» **Input data**:
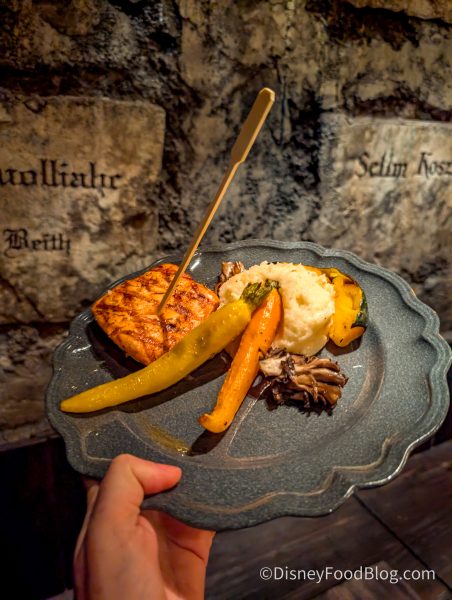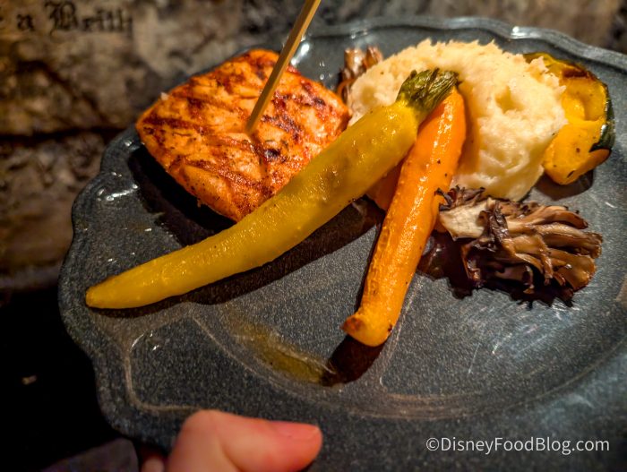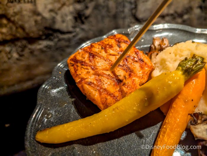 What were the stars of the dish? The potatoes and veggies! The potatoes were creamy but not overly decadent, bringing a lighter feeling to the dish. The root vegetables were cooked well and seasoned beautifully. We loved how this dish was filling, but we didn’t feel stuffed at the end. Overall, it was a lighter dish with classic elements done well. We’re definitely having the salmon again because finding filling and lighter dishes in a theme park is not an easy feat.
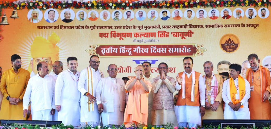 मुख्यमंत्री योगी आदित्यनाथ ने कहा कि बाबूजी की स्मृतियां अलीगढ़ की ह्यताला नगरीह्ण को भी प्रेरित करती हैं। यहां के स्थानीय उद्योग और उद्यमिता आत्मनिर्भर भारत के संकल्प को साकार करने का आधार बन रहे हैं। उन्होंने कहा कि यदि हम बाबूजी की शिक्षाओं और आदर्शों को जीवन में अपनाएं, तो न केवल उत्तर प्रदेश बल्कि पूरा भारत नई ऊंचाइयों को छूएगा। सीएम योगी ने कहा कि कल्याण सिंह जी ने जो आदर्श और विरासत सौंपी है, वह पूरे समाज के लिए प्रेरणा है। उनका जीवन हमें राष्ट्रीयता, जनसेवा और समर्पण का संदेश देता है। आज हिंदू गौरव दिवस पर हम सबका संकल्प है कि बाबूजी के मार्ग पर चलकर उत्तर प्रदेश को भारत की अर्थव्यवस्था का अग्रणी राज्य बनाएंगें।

--

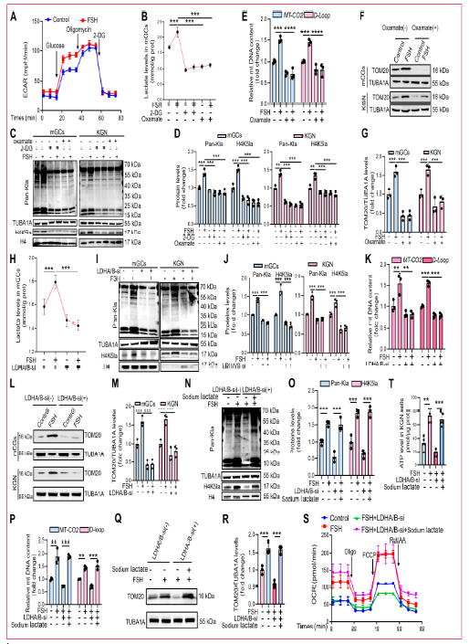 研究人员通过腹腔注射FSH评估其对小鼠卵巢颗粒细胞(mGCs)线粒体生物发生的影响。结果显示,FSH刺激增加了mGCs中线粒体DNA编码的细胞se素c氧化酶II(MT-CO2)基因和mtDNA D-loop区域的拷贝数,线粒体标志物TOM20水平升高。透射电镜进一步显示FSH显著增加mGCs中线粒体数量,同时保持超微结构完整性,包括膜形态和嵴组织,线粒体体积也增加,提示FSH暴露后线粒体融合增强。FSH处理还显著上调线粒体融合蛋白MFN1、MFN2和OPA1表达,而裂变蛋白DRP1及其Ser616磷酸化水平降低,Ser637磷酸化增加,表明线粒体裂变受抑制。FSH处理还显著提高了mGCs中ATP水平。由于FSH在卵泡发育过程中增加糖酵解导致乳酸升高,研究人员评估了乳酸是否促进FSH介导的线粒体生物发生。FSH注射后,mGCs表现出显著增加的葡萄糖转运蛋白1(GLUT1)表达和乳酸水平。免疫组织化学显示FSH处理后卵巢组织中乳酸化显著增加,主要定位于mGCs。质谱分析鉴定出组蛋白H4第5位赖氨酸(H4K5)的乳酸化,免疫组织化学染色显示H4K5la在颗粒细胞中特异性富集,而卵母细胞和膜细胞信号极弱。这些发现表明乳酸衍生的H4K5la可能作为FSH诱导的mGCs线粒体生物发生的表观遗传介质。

» **Your objective**:
The lines to set down run from the line with "What were the" up to and including the line with "मुख्यमंत्री योगी आदित्यनाथ" in the entries above. Reproduce them exactly, with no pictures.

» **Result below**:
 What were the stars of the dish? The potatoes and veggies! The potatoes were creamy but not overly decadent, bringing a lighter feeling to the dish. The root vegetables were cooked well and seasoned beautifully. We loved how this dish was filling, but we didn’t feel stuffed at the end. Overall, it was a lighter dish with classic elements done well. We’re definitely having the salmon again because finding filling and lighter dishes in a theme park is not an easy feat.
 मुख्यमंत्री योगी आदित्यनाथ ने कहा कि बाबूजी की स्मृतियां अलीगढ़ की ह्यताला नगरीह्ण को भी प्रेरित करती हैं। यहां के स्थानीय उद्योग और उद्यमिता आत्मनिर्भर भारत के संकल्प को साकार करने का आधार बन रहे हैं। उन्होंने कहा कि यदि हम बाबूजी की शिक्षाओं और आदर्शों को जीवन में अपनाएं, तो न केवल उत्तर प्रदेश बल्कि पूरा भारत नई ऊंचाइयों को छूएगा। सीएम योगी ने कहा कि कल्याण सिंह जी ने जो आदर्श और विरासत सौंपी है, वह पूरे समाज के लिए प्रेरणा है। उनका जीवन हमें राष्ट्रीयता, जनसेवा और समर्पण का संदेश देता है। आज हिंदू गौरव दिवस पर हम सबका संकल्प है कि बाबूजी के मार्ग पर चलकर उत्तर प्रदेश को भारत की अर्थव्यवस्था का अग्रणी राज्य बनाएंगें।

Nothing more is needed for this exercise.